Чаще других мы пели старинную народную украинскую песню со странным текстом и необычной красивой мелодией:
Ой, да вспомним, братцы мы кубанцы, Двадцать перва сентября, Как дралися мы с поляком От рассвета допоздна…Украинцы вообще очень любили петь и пели красиво, на два голоса с подголоском. Особенно выделялся своим чистым голосом и музыкальностью харьковчанин Гоцкало — ротный соловей. В строю он пел редко, но на отдыхе, в вагонах или где-нибудь в пути он всегда запевал народные протяжные мелодичные песни, и вокруг него сразу же стихийно возникал хор, которым он умело и полновластно руководил. В этом хоре ему подчинялся даже Паршенков, который сам любил петь и часто в строю запевал своим могучим басом: «Врагу не сдается наш гордый „Варяг“…»
Пели также озорную казацкую:
Запевала:
На базар ходила. Горшик я купила.Хор:
Горшик я, горшик я, Горшик я, купила я…В этой песне только первый куплет был цензурным, слова в остальных были так ловко подобраны, что каждый припев, исполняемый хором, становился сплошным матом:
Кашу наварила, Сваху я накормила…(Года через три я обнаружил этот текст у Шолохова в «Тихом Доне».)
«Горшик» петь запрещалось. Взамен рекомендовали (в приказном порядке) другую песню — «уставную строевую»:
Если есть запас патронов — Их товарищу отдай! А винтовку-трехлинейку Никому не отдавай! Эй вы, поля зеленые поля! Лихие автоматчики, на линию огня!Кроме этой поучительной песни, нас обязали разучить «Священную войну» и Гимн Советского Союза, который тогда только появился.
«Священную войну» мы сразу полюбили, что же касается гимна, то начальство сделало все, чтобы мы его возненавидели. Во-первых, его вдалбливали в нас вечерами в обязательном порядке. Во-вторых, когда гимн был уже выучен, им заканчивалась каждая вечерняя поверка. В одиннадцать часов, когда рота выстраивалась в коридоре и в ответ на выкрики фамилий сто двадцать раз звучало однообразное «я!», начинался гимн. Усталые, голодные, иззябшие, мечтающие добраться до нар, мы пели его весь, от начала до конца, со всеми припевами, стоя по стойке «смирно». После гимна обычно следовали долгожданные команды «По казармам!» и «Отбой!». Однако, если Филиппов был не в духе, он и из отбоя устраивал нам «воспитминутку», которая иногда затягивалась на полчаса, а то и больше. Подав команду «Отбой!», он с часами в руках следил, чтобы мы, полностью раздетые, лежали под одеялами за три минуты. Если кто-то один запаздывал хоть на секунду, следовало неотвратимое «Отставить!», и мы снова лихорадочно одевались, шнуруя ботинки, застегивая гимнастерки, ремни и вставая в строй между нарами. «Отбой!» — «Отставить!» — «Отбой!» — «Отставить!» И так пять-шесть раз.

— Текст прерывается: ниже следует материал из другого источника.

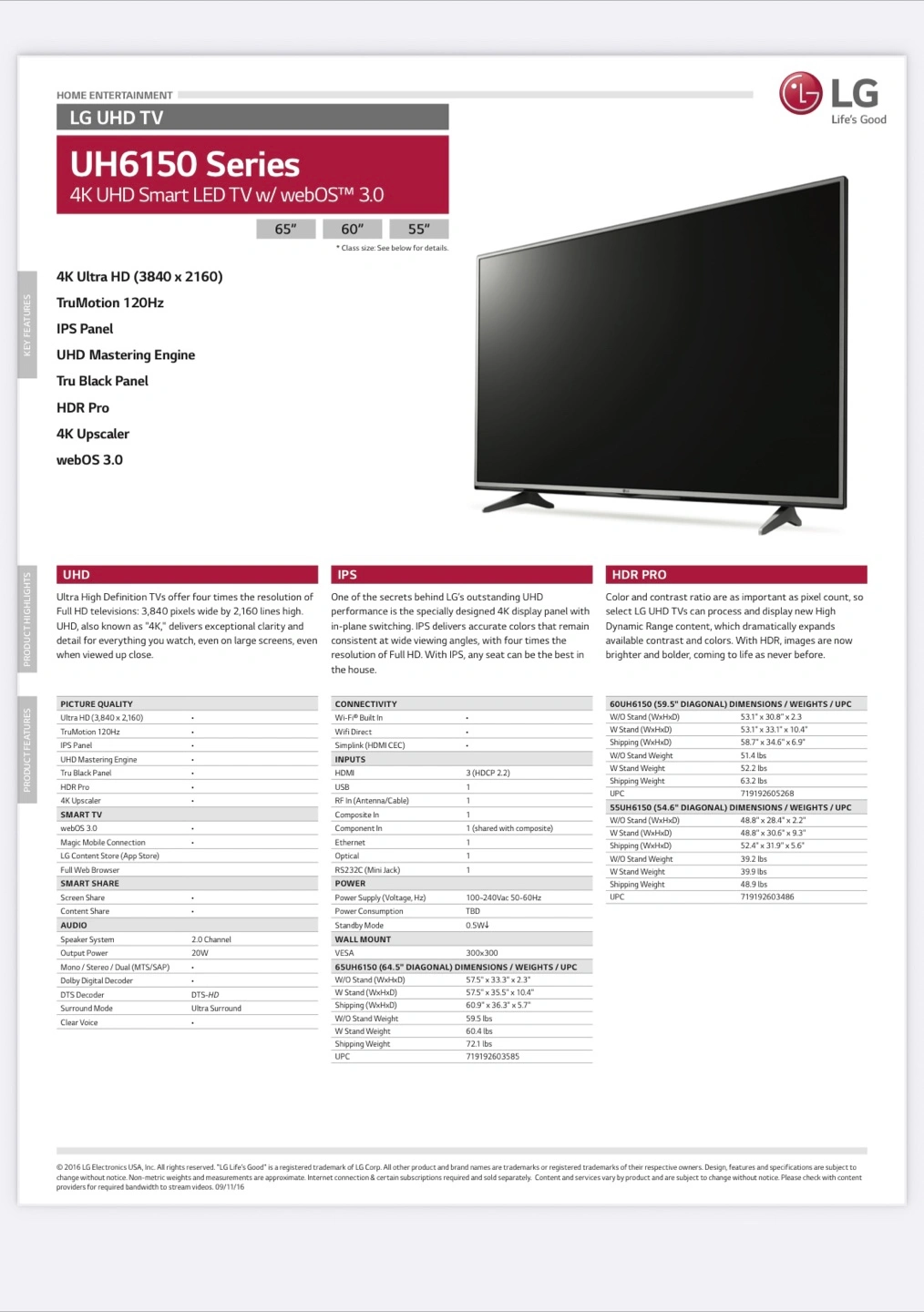 LG 65UH6150 65" 4K Smart LED TV w/ webOS™ 3.0

Это называлось «погонять перед сном». Кроме этих упражнений, он почти ежедневно проводил с нами перед отбоем «политбеседу» на тему дня.
Во время очередной политбеседы, произнесенной им с верхних нар, густо пересыпанной матом и собственным творчеством типа: «Вот вы — хохлы проклятые! Жаль, нет здесь московских ребят, научили бы они вас жить, сволочей, мать вашу, перемать!» — Молодчий, который мрачно молчал в своем углу, вдруг неожиданно для всех поднял голову и заявил:
— А что это вы так много материтесь, товарищ сержант? Ведь это нехорошо: мать да мать… — И в наступившей тишине добавил что-то совсем уже несусветное: — Ведь вы же командир Красной Армии…

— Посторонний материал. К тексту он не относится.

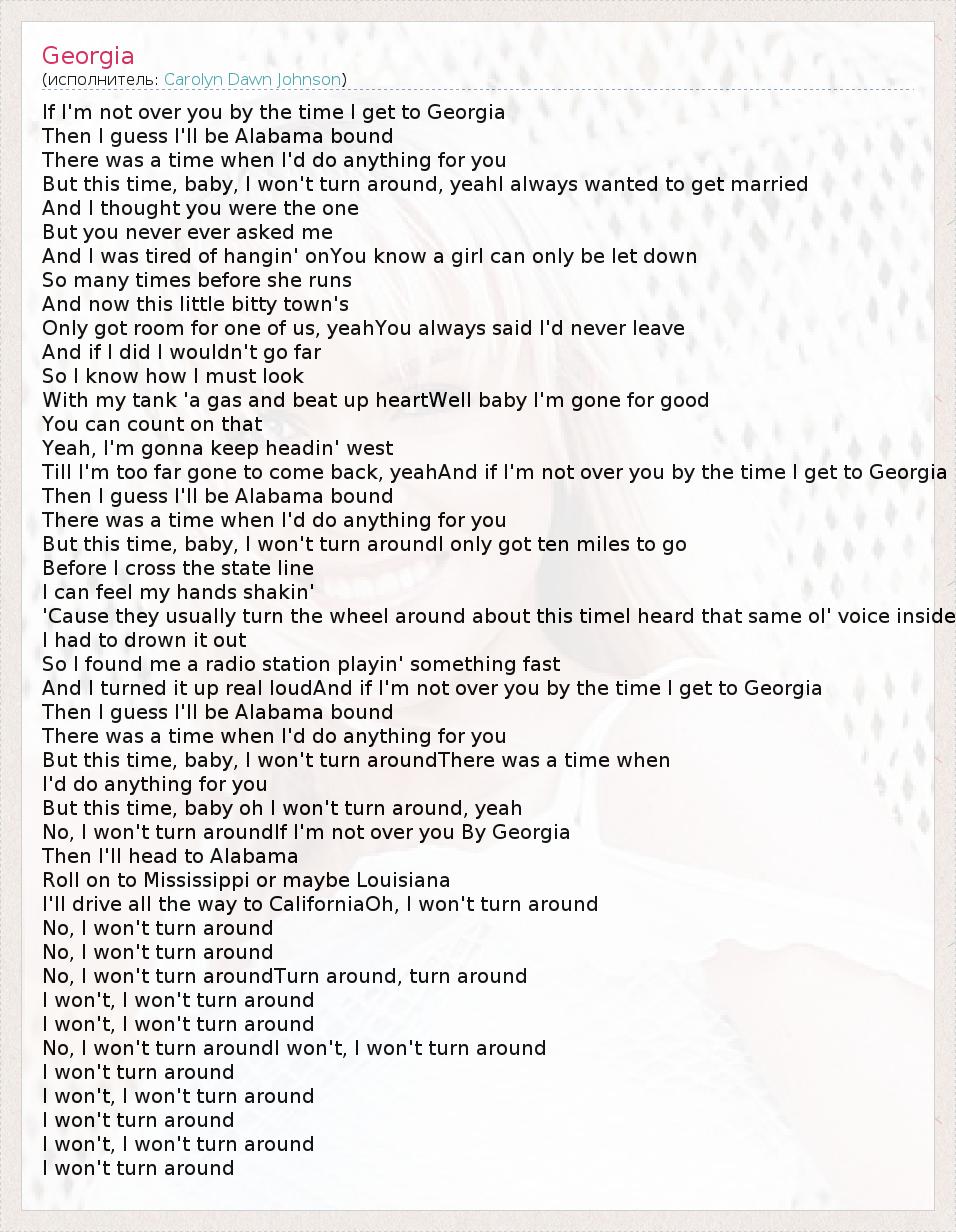 And I turned it up real loudAnd if I'm not over you by the time I get to Georgia

У Филиппова от неожиданности открылся рот, а потом он разразился таким семиэтажным, какого я еще не слышал. Закончил он свой монолог тем, что влепил Молодчему наряд вне очереди, и тот после отбоя отправился на улицу чистить гальюн.
Так проходили будни. Что касается праздников, то их просто не было. Даже 23 февраля — День Красной Армии, который мы очень ждали, втайне надеясь на лучший, чем обычно, обед, прошел, как всегда. Вместо обеда нас угостили политбеседой об истории Красной Армии и занудными наставлениями об укреплении воинской дисциплины.
При попытке к бегству…
Маленький, плюгавый, с сержантскими лычками на погонах и отвислым задом грязных штанов, он стоял в центре тесного круга молодых солдат и, странно разводя руками, что-то быстро говорил, шлепая большим губастым ртом.
— У меня дерьма этого — часов — до хрена было, до этой матери… Полные карманы. Раз поймали мы фрицев под Орлом. Их тогда пачками брали, техники валялось этой до хрена… Лейтенант приказывает: «Отвести в штаб полка». Я говорю: «Я поведу».
Пошли мы с другом. Друг у меня был не локша. Дали нам пятнадцать фрицев. Повели. Километров пять оттопали, завели в лесок. Я говорю: «А ну, мать… Становись! Равняйсь! Смирно! Часы снять, клади на пенек!»
Они сняли, положили. Я командую: «Становись!»
Встали они, подравнялись, а мы с другом полные рожки в них — как дали, мать-перемать! Они все друг на друга! Мы часики, колечки собрали…
Пришли назад. Я доложил: «При попытке к бегству…»
Затаив дыхание, дыша в затылок друг другу, стоят слушатели. Рты полуоткрыты, глаза неотрывно следят за рассказчиком.
Он замолчал, сплюнул на пол и растер ботинком.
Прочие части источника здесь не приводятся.